Give the lines again exactly as they appear below, from the line with "A wide shot" to the line with "Condamné par la", both included, and only those lines. Leave every picture out.

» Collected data
● ● ● ●

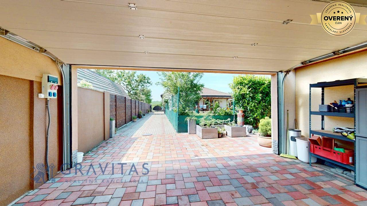 Vchod do dvora je cez súkromný príjazdový chodník na začiatku ktorého sa nachádza brána na diaľkové ovládanie (tepané umelecké dielo). Vedľa vstupu do domu sa nachádza otvorené garážové státie s možnosťou uzatvorenia automatickou bránou a zároveň prejazdom do záhrady. V zadnej časti pozemku sa nachádza samostatná drobná drevo-stavba – sklad (bicykle, záhradné náradie) s prístreškom. Dominantou záhrady je bazén vyhotovený vo vyššom štandarde. Bazén s proti-prúdom,má kvalitnú filtráciu, nočné osvetlenie a ohrevom vody tepelným čerpadlom. Je prekrytý kvalitným hliníkový prestrešením a tým je možné ho využívať aj za chladnejšieho obdobie (počas celého roka). Záhrada je udržiavaná, trávnik má funkčnú automatickú závlahu. Okrasná zeleň je dôsledne udržiavaná. Pozemok je v celom rozsahu oplotený s tým, že druh oplotenia zabezpečuje dostatok súkromia na dvore a aj v rodinnom dome.
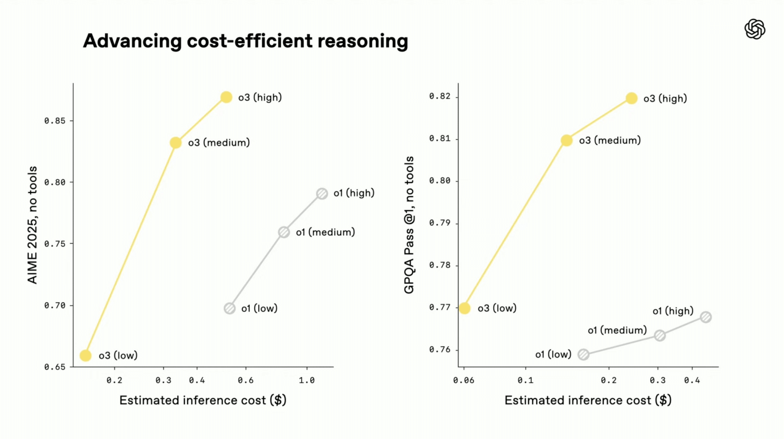 OpenAIは、多くの実世界のユースケースにおいて、o3はo1よりも、o4-miniはo3-miniよりも、結果的に「より賢く、かつ安価になる」だろうと予測しています。
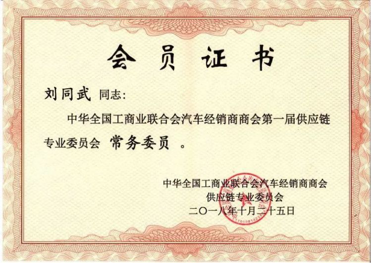众成刹车片营销总监刘同武先生担任“中华全联车商第一届供应链专业委员会”常务会员。
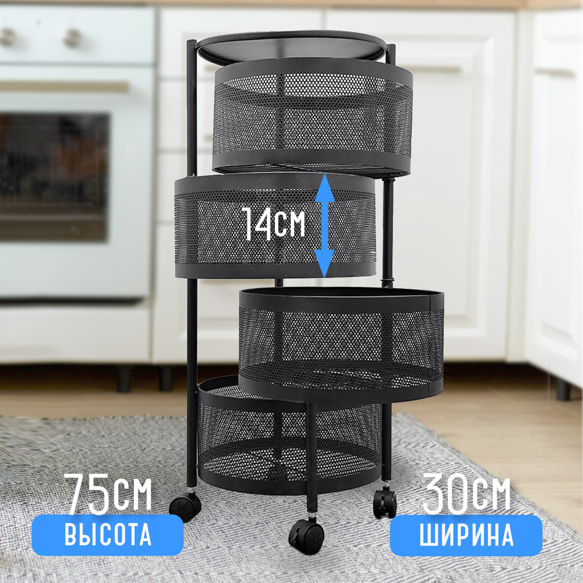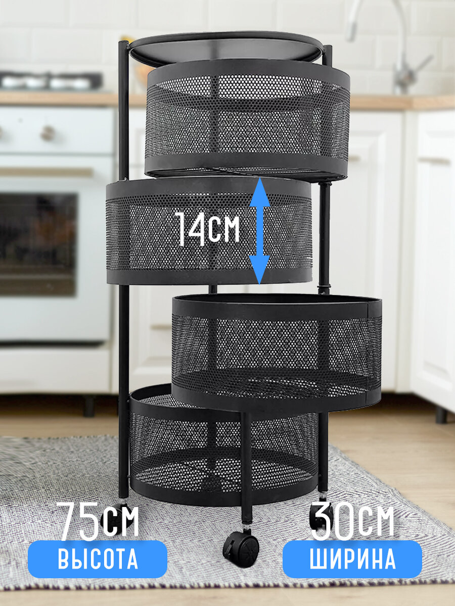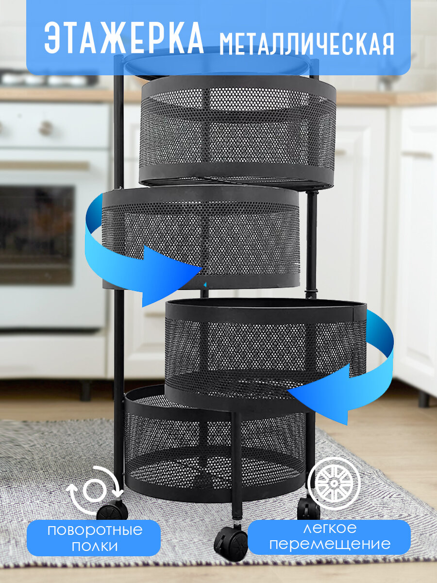 10 цен на Этажерка металлическая 4-х ярусная 32*32*73 круглая на колесах поворотная Baizheng, черный
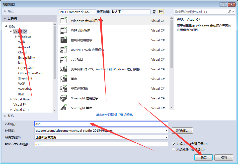 选择Windows 窗体应用程序 Visual c# 名称随意单击确定
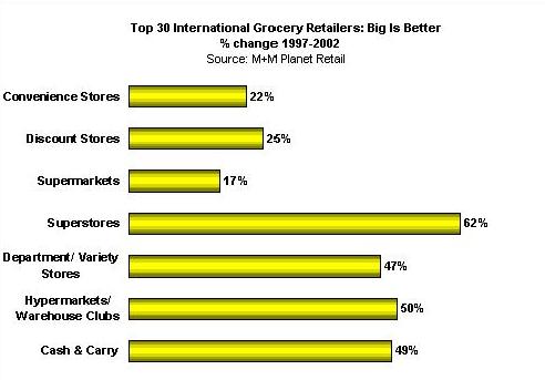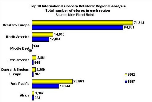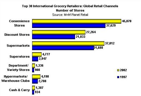 (聯(lián)商網(wǎng)編譯)在過(guò)去10年中,“M+M星球零售業(yè)研究機(jī)構(gòu)”一直跟蹤調(diào)查世界上最大的食品零售商家在全球的發(fā)展。利用我們公司詳盡而全面的零售商檔案數(shù)據(jù)庫(kù),我們分析了國(guó)際上30個(gè)知名食品商在世界各地所開(kāi)的商店類(lèi)型(注:根據(jù)零售業(yè)態(tài)分類(lèi)),并對(duì)全球零售市場(chǎng)的結(jié)構(gòu)和零售商的發(fā)展策略有了一個(gè)清晰的描繪。為了這次研究,我們排除了那些非食品類(lèi)的專(zhuān)賣(mài)店如電器商店,服飾店,DIY商店和陳設(shè)品店。 統(tǒng)觀(guān)全球 在過(guò)去五年中,國(guó)際零售30強(qiáng)所開(kāi)的食品類(lèi)相關(guān)的商店總數(shù)增加了23%。到2002年,商店總數(shù)由1997年的98,723間上升到122,000間。大型零售店模式是主要增長(zhǎng)源,該類(lèi)型包括大型超級(jí)市場(chǎng)、超大型自助百貨商場(chǎng)/倉(cāng)儲(chǔ)會(huì)員店,現(xiàn)金支付運(yùn)輸自理式和百貨商店等。這種向大規(guī)模、大營(yíng)業(yè)面積發(fā)展的趨勢(shì)又以ITM、奧桑(Auchan),阿霍德(Ahold) 和瑞威(Rewe)最為顯著。 然而,我們也不應(yīng)該忽略小型零售店模式的作用。一般的自選商場(chǎng)、折扣商店和便利店仍是零售商成功打入某個(gè)市場(chǎng)或者填補(bǔ)成熟市場(chǎng)空隙的戰(zhàn)略載體。
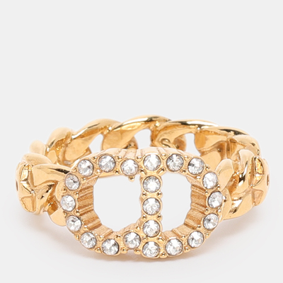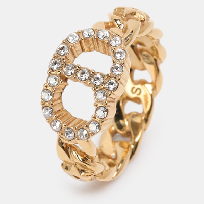 Dior Gold Tone Rhinestone Claire De Lune Chain Ring 1223074 (lpn31010099)
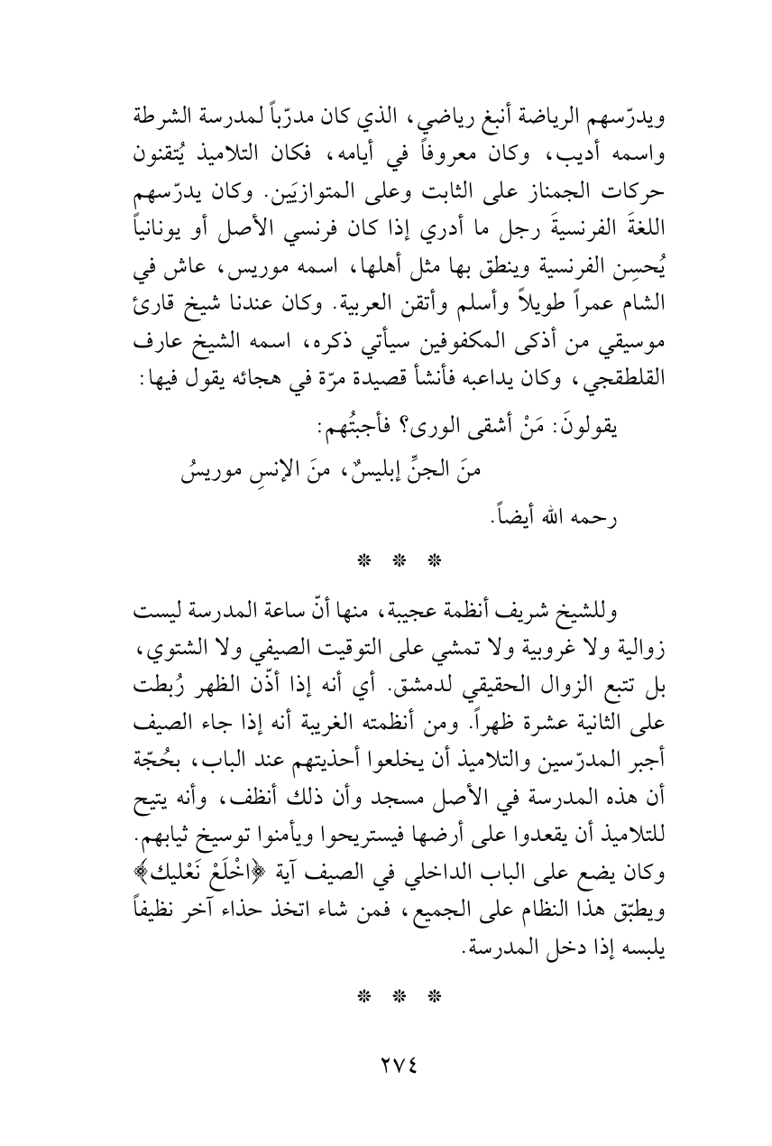 ويدرّسهم الرياضة أنبغ رياضي، الذي كان مدرّباً لمدرسة الشرطة واسمه أديب، وكان معروفاً في أيامه، فكان التلاميذ يُتقنون حركات الجمناز على الثابت وعلى المتوازيَين. وكان يدرّسهم اللغةَ الفرنسيةَ رجل ما أدري إذا كان فرنسي الأصل أو يونانياً يُحسِن الفرنسية وينطق بها مثل أهلها، اسمه موريس، عاش في الشام عمراً طويلاً وأسلم وأتقن العربية. وكان عندنا شيخ قارئ موسيقي من أذكى المكفوفين سيأتي ذكره، اسمه الشيخ عارف القلطقجي، وكان يداعبه فأنشأ قصيدة مرّة في هجائه يقول فيها:
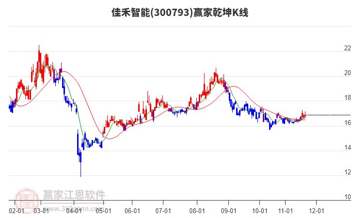 11月26日佳禾智能300793最高價(jià)19.4上穿了贏家極反通道工具藍(lán)色外軌線,受到藍(lán)色外軌線強(qiáng)力壓制,最終收盤停留在在藍(lán)色外軌線與生命線上方的強(qiáng)勢(shì)通道區(qū)域。佳禾智能300793近10個(gè)交易日漲幅10
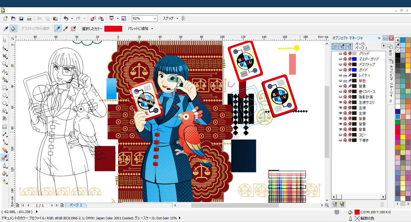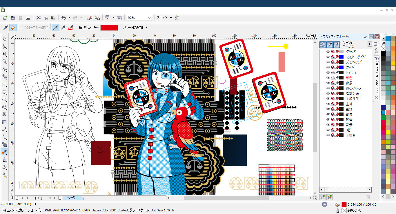【使用画材/ソフト】CorelDRAW X5、Adobe Photoshop Elements 6.0。
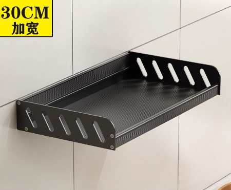 20cmX30cm, 黑色铝合金无支架悬浮式挂墙置物架。
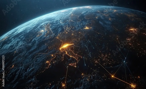 A wide shot of the Earth from space, with glowing city lights on its surface and interconnected lines representing global connectivity and data flow, against a dark background.
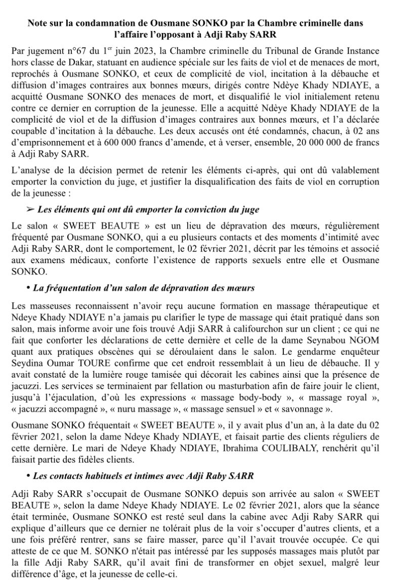Condamné par la chambre criminelle dans l’affaire Adji Sarr, l’opposant Sénégalais, Ousmane Sonko est toujours retenu à son domicile, par les agents des forces de défense et de sécurité de son pays. Et cette affaire qui a fait parler d’elle, et qui continue bien le faire, inquiète encore nombreux des citoyens du monde, surtout vivants au Sénégal. Sur ce, le ministère de la justice du Sénégal, à travers une notre dont nous avons réçus copie, a encore une fois justifié la condamnation d’Ousmane Sonko.
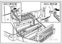(1) 打开旁路供纸托盘。(2) 打开ADU 盖板。(3) 打开转印单元,并释放位于前部的ADU 限位块。(4) 拧下1 个螺丝,并取下位于后部的ADU 限位块...
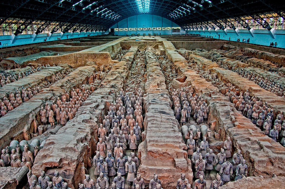 Терракотовая армия — это одна из самых удивительных археологических находок XX века, открывшая перед миром величие древнекитайской цивилизации. Расположенная недалеко от города Сиань в провинции Шэньси, армия насчитывает тысяч солдат, свидетелей величия первого императора Китая, Цинь Шихуанди. Терракотовая армия была случайно обнаружена в 1974 году местными крестьянами, которые бурили колодцы. Вскоре стало очевидно, что они наткнулись на одно из самых великих археологических открытий в истории. Раскопки, начатые после этого, открыли мир терракотовых солдат, лошадей и колесниц. Каждая фигура в терракотовой армии изготовлена вручную с поразительной внимательностью к деталям. Войны различаются по росту, одежде и военному снаряжению, что отражает кастовую структуру армии: Терракотовая армия охватывает не только военные аспекты, но и отображает культуру и технологии того времени, включая военное вооружение и строй системы. Терракотовая армия не только демонстрирует величие военной силы древ
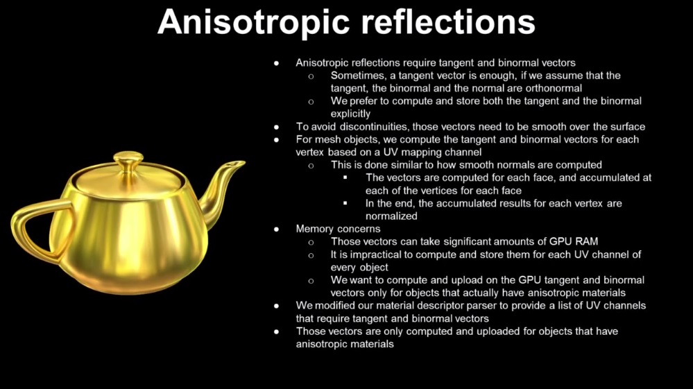 在GPU上使用Anisotropic的Shader的時候,需要從幾何元件的UV Channel取得tangent vector與binormal vector,大量的幾何元件在GPU中包含這些資訊需要大量的GPU記憶體,也特別將有Anisotropic的Shader才會將這些資訊上傳到GPU處理,減少記憶體的使用。
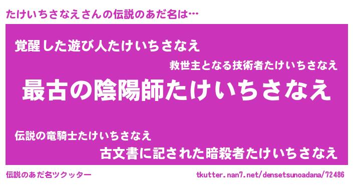 | 意味不明あだ名 | 『住所不定無職たけいちさなえ(71歳)』 |
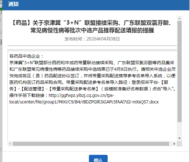【重庆】关于京津冀“3+N”联盟接续采购、广东联盟双氯芬酸、常见病慢性病等批次中选产品推荐配送填报的提醒
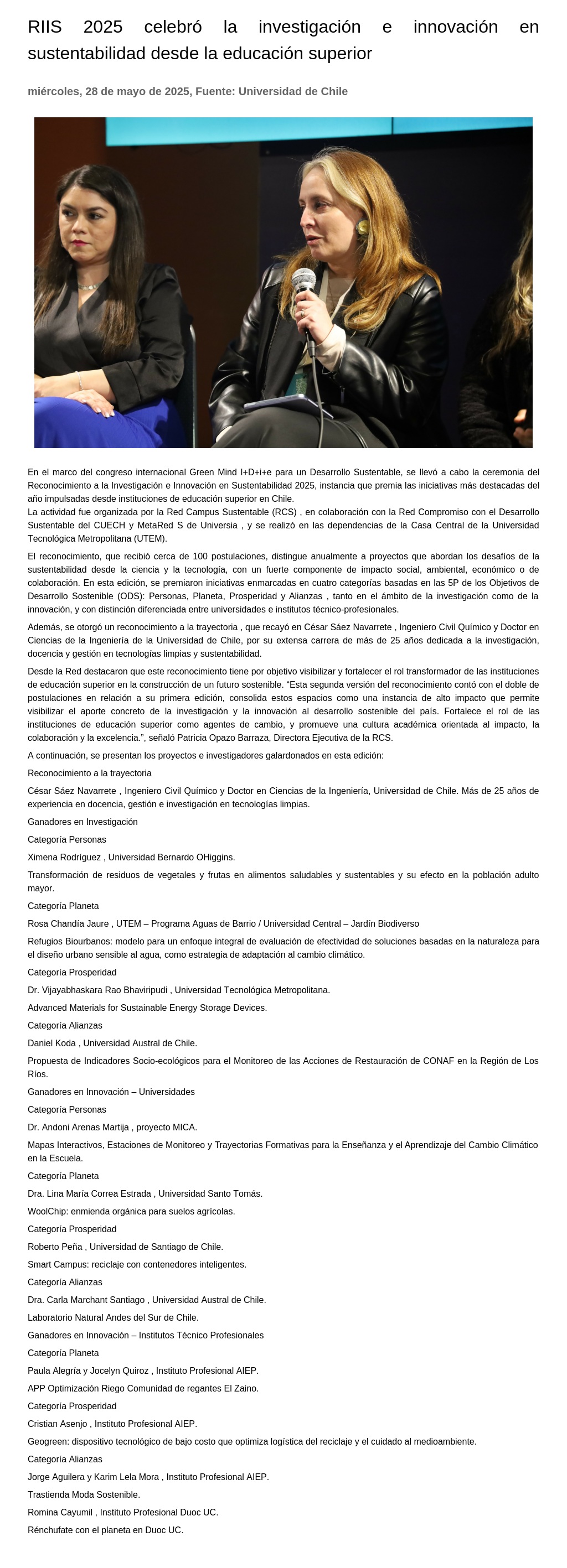 RIIS 2025 celebró la investigación e innovación en sustentabilidad desde la educación superior 28-05-2025 Universidad de Chile En el marco del congreso internacional Green Mind I+D+i+e para un Desarrollo Sustentable, se llevó a cabo la ceremonia del Reconocimiento a la Investigación e Innovación en Sustentabilidad 2025, in... |

● ● ● ●

» Written solution
 A wide shot of the Earth from space, with glowing city lights on its surface and interconnected lines representing global connectivity and data flow, against a dark background.
Condamné par la chambre criminelle dans l’affaire Adji Sarr, l’opposant Sénégalais, Ousmane Sonko est toujours retenu à son domicile, par les agents des forces de défense et de sécurité de son pays. Et cette affaire qui a fait parler d’elle, et qui continue bien le faire, inquiète encore nombreux des citoyens du monde, surtout vivants au Sénégal. Sur ce, le ministère de la justice du Sénégal, à travers une notre dont nous avons réçus copie, a encore une fois justifié la condamnation d’Ousmane Sonko.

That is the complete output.